Notch3 transactivates GSK3β by directly binding to the GSK3β promoter. (A): A schema of the four CSL-binding element-containing primers (GSK3β 1−1, GSK3β 2, and GSK3β 3 regions containing respective single CSL-binding elements; region GSK3β 1−2 containing two CSL-binding elements) used for chromatin immunoprecipitation (ChIP) assays. (B): Products of ChIP were amplified by PCR and analyzed by 2% agarose gel electrophoresis. A specific band was seen in the GSK3β 2 region; (C): MCF-7 cells co-transfected with gradient concentrations of siRNA-Notch3 (“+” 10 pmol, “++” 20 pmol, “+++” 40 pmol, “−” 0 pmol) or the same concentrations of siRNA-negative control (NC) (“+” 20 pmol, “++” 30 pmol,“+++” 40 pmol,“−” 0 pmol), 10 ng pRL-SV40, and 200 ng pGL3-GSK3β-enhancer. (D): MDA-MB-231 cells co-transfected with gradient concentrations of pCMV- N3ICD; “+” 200 ng, “++” 400 ng, “+++” 800 ng, “−” 0 ng) or the same concentrations of pCMV (“+” 400 ng, “++” 600 ng, “+++” 800 ng, “−” 0 ng), 10 ng pRL-SV40, and 200 ng pGL3-GSK3β-enhancer. * p < 0.05, ** p < 0.01.

To investigate the activity of the GSK3β promoter directly regulated by Notch3, we constructed a reporter assay vector pGL3-GSK3β-enhancer containing the region from −354 to −268 of the GSK3β promoter.

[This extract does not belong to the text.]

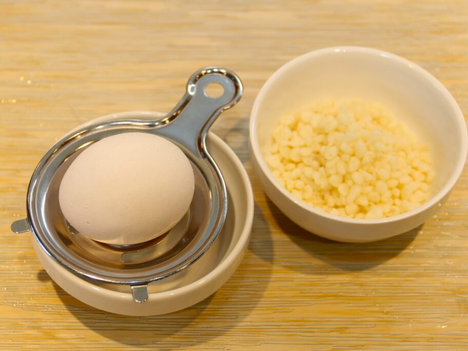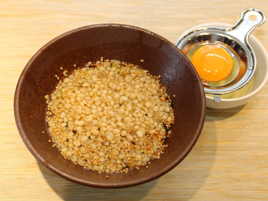 揚げ玉を入れてコクを加え、さらにセパレーターを使って卵黄のみ汁に投入します。ジャンクっぽくなってきます。これぞ、湊屋の醍醐味。

A dual-luciferase reporter assay was carried out to determine GSK3β promoter activity in Notch3-overexpressing MDA-MB-231 cells, and Notch3-knockdown MCF-7 cells by co-transfection with a reporter assay vector and Renilla luciferase reporter genes. After Notch3 silencing in MCF-7 cells, the luciferase activity of the GSK3β reporter decreased in a dose-dependent manner (Figure 3C). Consistently, the luciferase activity of the GSK3β reporter increased following N3ICD overexpression in MDA-MB-231 cells (Figure 3D); these results indicated that Notch3 upregulated GSK3β by directly binding to the GSK3β promoter.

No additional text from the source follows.